Fire, controlled or uncontrolled, was considered anathema in the 1920s and many efforts were put forth to extinguish its use within southern woodlands. A large reason for this was the misconception that fires, which were often set annually by African American sharecroppers, were perceived as destroying bobwhite quail habitat that was prized by wealthy landowners. Many of these landowners were from more northern regions and products of the industrial revolution. Around the turn of the 20th century, hunting preserve owners began to dramatically reduce the acreage burned each year. By the late teens and early 1920s, a steep decline in bobwhite numbers began to draw the attention of the wealthy-landowners-turned-hunters. In 1924, the Cooperative Quail Study Investigation was born. Led by Herbert Stoddard, this effort was a jointly-funded effort of the Bureau of Biological Survey several landowners in the region. The purpose was to examine cause of the decline of bobwhite and to find a way to reverse the apparent population trajectory. One of the principal causes for the decline that Stoddard recognized immediately was the decrease in the use of the prescribed fire as a habitat management tool.

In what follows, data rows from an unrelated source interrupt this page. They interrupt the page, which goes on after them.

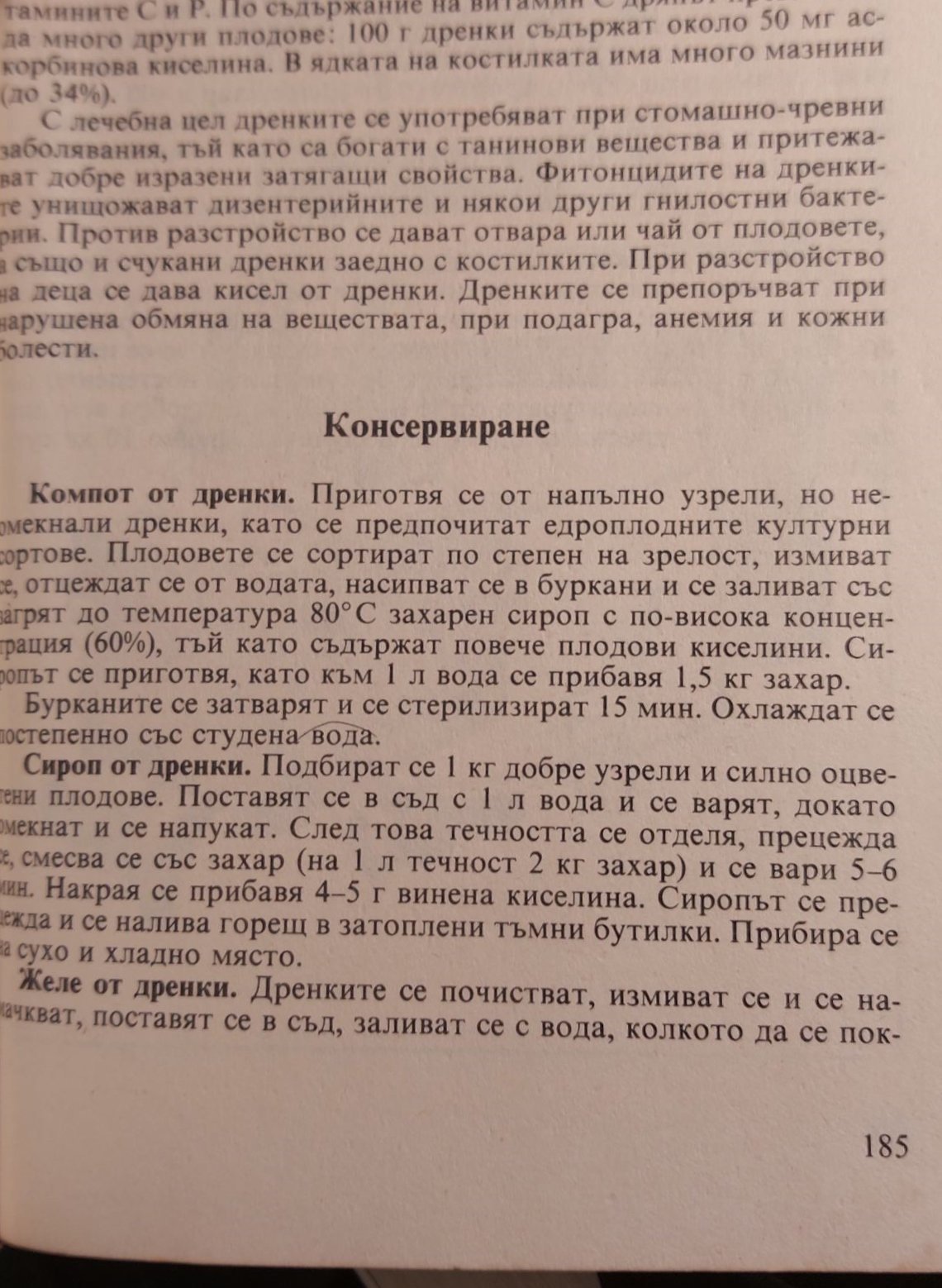 Правя компот, но не по тази технология. На буркан тип омния 1,2 л пълня малко повече от 2/3 от обема с плодове и слагам 7-8 с.л. захар. Захарта зависи от сладостта на дренките. Стерилизация - 20 мин. За 1 година ги употребявам. Костилковите компоти не е хубаво да престояват повече от 1 година.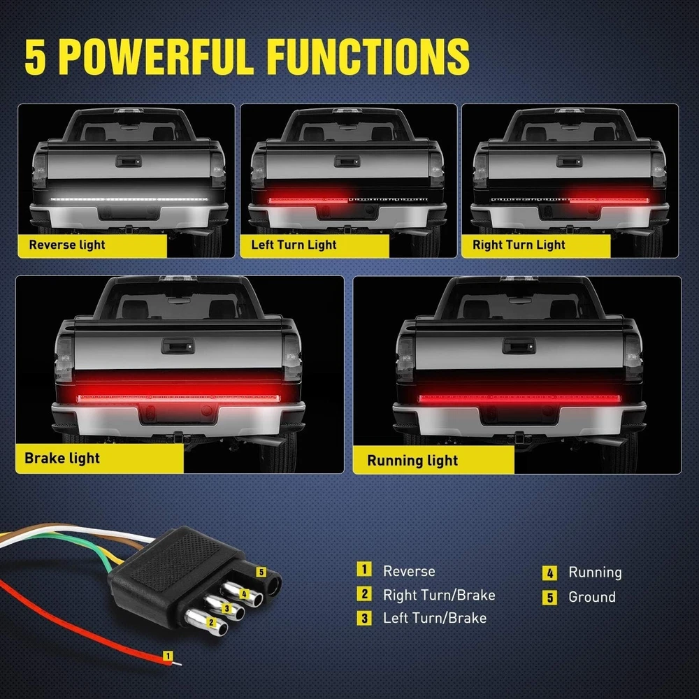 Accesorios Para Camiones Barra De Luz Led Strip Light Led Blanca De 60 Pulgadas. BRILLO INCREÍBLE: la barra LED para portón trasero Redline tiene 108 LED que brillan un 35 % más que los chips normales y garantizan que su automóvil se pueda ver incluso en el tráfico más denso, de día o de noche. LUCES LED FLEXIBLES Y DURADERAS: carcasa sellada IP67, protege bien las tiras LED contra gotas de lluvia, nieve, suciedad y arena, súper duraderas y flexibles con hasta 30 000 horas de vida útil NO REQUIERE PERFORACIÓN: viene con un potenciador adhesivo resistente que aumenta la fuerza de sujeción más de 5 veces. No es necesario perforar, no se caerá, incluye hardware de montaje para una instalación más segura. MONTADO EN CUALQUIER LUGAR CON FUENTE DE ALIMENTACIÓN DE 12 V - Tiras LED de 60", nominal de 12 V, ultra largas para iluminación de toldos de carga/camioneta/camper/garaje/RV o decoración de fiestas en el hogar. Uso múltiple: ampliamente utilizado en luz de caja de camioneta, luz de toldo de RV, iluminación LED de barra de estribo, lámpara LED de puerta lateral, kit de luz de caja de camioneta, etc. Ideal para bricolaje. Y amplio uso para camionetas Jeep, RV, SUV. Con un voltaje de trabajo de 12 V CC, se adapta al encendido ámbar en la mayoría de los vehículos. Como Dodge Ram 1500 2500, 3500, 4500, Ford F150, F250, Chevy, Silverado, GMC, Sierra, Toyota Tundra y la mayoría de los automóviles, camiones, camionetas, SUV, RV, furgonetas, remolques, etc.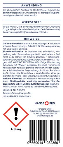 – ✓ HÄLT VERDUNSTUNGSWASSER FRISCH & HYGIENISCH: Das im Set enthaltene Hansepro Hygiene-Mittel sorgt dafür, dass Verdunstungs-Wasser hygienisch einwandfrei bleibt. Es vermeidet Bakterien- und Keimbildung. Das Algenwachstum wird verhindert. Dadurch kommt es zu keinen unangenehmen Gerüchen. Die Kalkablagerungen im Gerät werden deutlich reduziert. Die Verdunstleistung kann um bis zu 35% erhöht werden.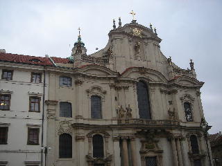 カレル橋や対岸の教会などが見える。プラハ城から長い石段を下り、カレル橋に向かう。カレル城から坂道を下ったところがマラー・ストラナ広場。聖ミクラーシュ(セント・ニコラス)教会が建ってお り、この教会のオルガンをモーツァルトがよく弾いていたとのこと。また、モーツァルトが亡くなったときの追悼ミサがこの教会で行われ、参拝者が4,000 人も集まったとか。教会の真向かいの建物が音楽学校で、特に弦楽器の指導に優れており、日本人も多く学んでいるそうである。

Among this was a man named Henry Beadel, the son of a northern industrialist.

=== Cultural Landscapes and Ecosystem Management ===
Recent work on Stoddard (and the most comprehensive examination of his life and work to date) argues that not only was he a champion for putting fire back on the landscape and one of the first to conduct active wildlife management, but he was also one of the first to recognize that cultural landscapes could harbor substantial ecological diversity. The intersection of these three components forms the foundation of ecosystem management.